Extract medications and dosages from clinical notes and automatically populate a database.
Pull key terms, obligations, and parties from legal contracts for compliance review.
Identify characters, relationships, and plot events from literary texts for analysis.
Extract structured data from domain-specific documents without training a custom model.
Requires API key from Google Gemini or OpenAI, or local Ollama setup.

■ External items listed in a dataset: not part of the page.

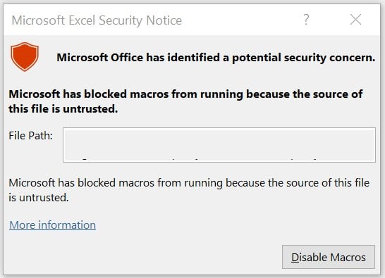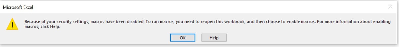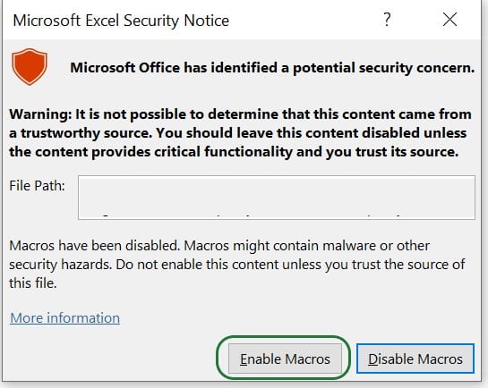 Now, when you open the .xlsm file again, you have the option to Enable Macros, do so by clicking on the button. From now on, you will not need to repeat any of these steps when closing and reopening the .xlsm file; Macros will work fine.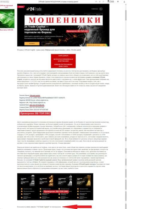 - Обзоры мошеннической конторы 24 Трейд Капитал, найденные на разных интернет-ресурсах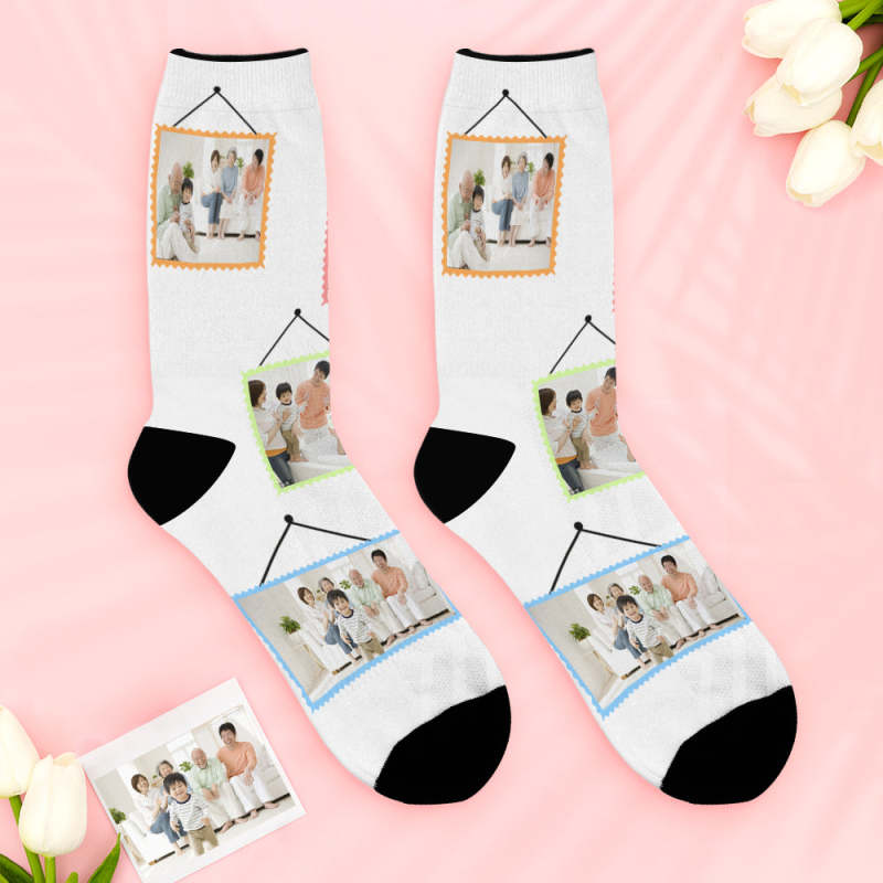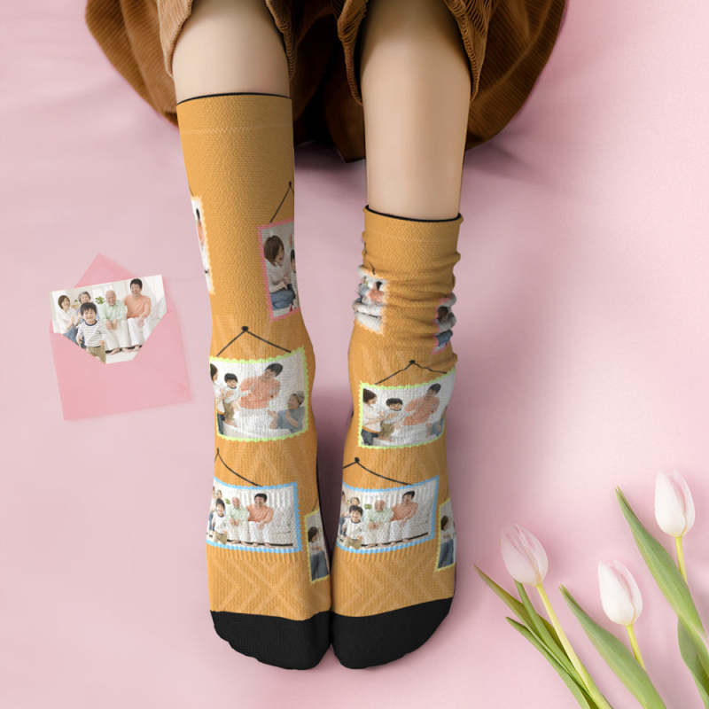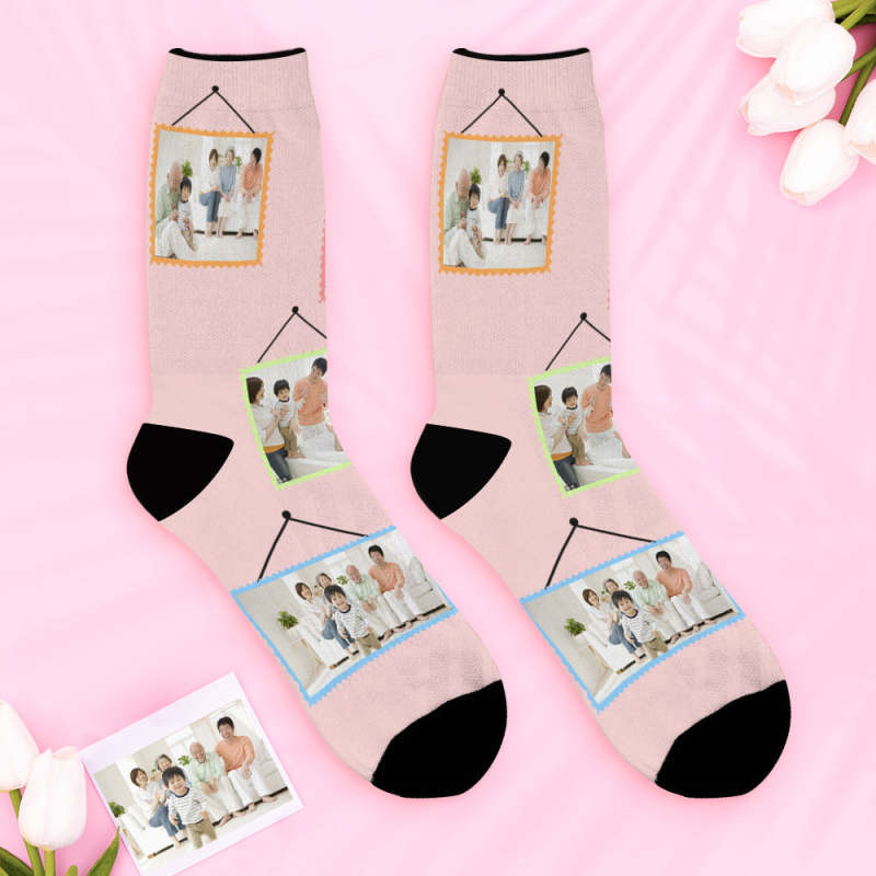 カスタムフォトソックス-写真5枚入れ可能な母の日の靴下プレゼント-壁絵の写真柄

LangExtract is a Python library from Google that uses large language models (LLMs) to pull structured information out of unstructured text documents. "Structured information" means organized, categorized data, like a table of named entities, a list of medications with dosages, or characters and their relationships, drawn from a free-form document like a clinical note, a legal contract, or a literary text. This solves the gap between the unstructured world (documents written in natural language) and the structured world (databases, spreadsheets, analytics pipelines) that applications need. The library works by letting you describe your extraction task using plain English instructions and a few hand-crafted examples that show the model what you want. You provide a text document, your prompt description, and your examples, and LangExtract sends everything to an LLM and returns the extracted entities as structured Python objects. A key feature is precise source grounding: every extracted item is mapped back to its exact character position in the original text. This lets the library generate an interactive HTML visualization where you can see each extraction highlighted in context, making it easy to verify that the model stayed faithful to the source rather than hallucinating. For long documents, the library handles chunking the text into manageable pieces, processing chunks in parallel, and running multiple passes to improve recall (the proportion of relevant items actually found). It supports Google Gemini models by default, including Gemini Flash and Gemini Pro, but also works with OpenAI models and local open-source models running via Ollama. You would use LangExtract when you need to extract entities from clinical notes, radiology reports, contracts, or any domain-specific text without fine-tuning a model. The tech stack is Python, primarily targeting the Gemini API, and distributed as a pip package.
Generated 2026-05-18 · Model: sonnet-4-6 · Verify against the repo before relying on details.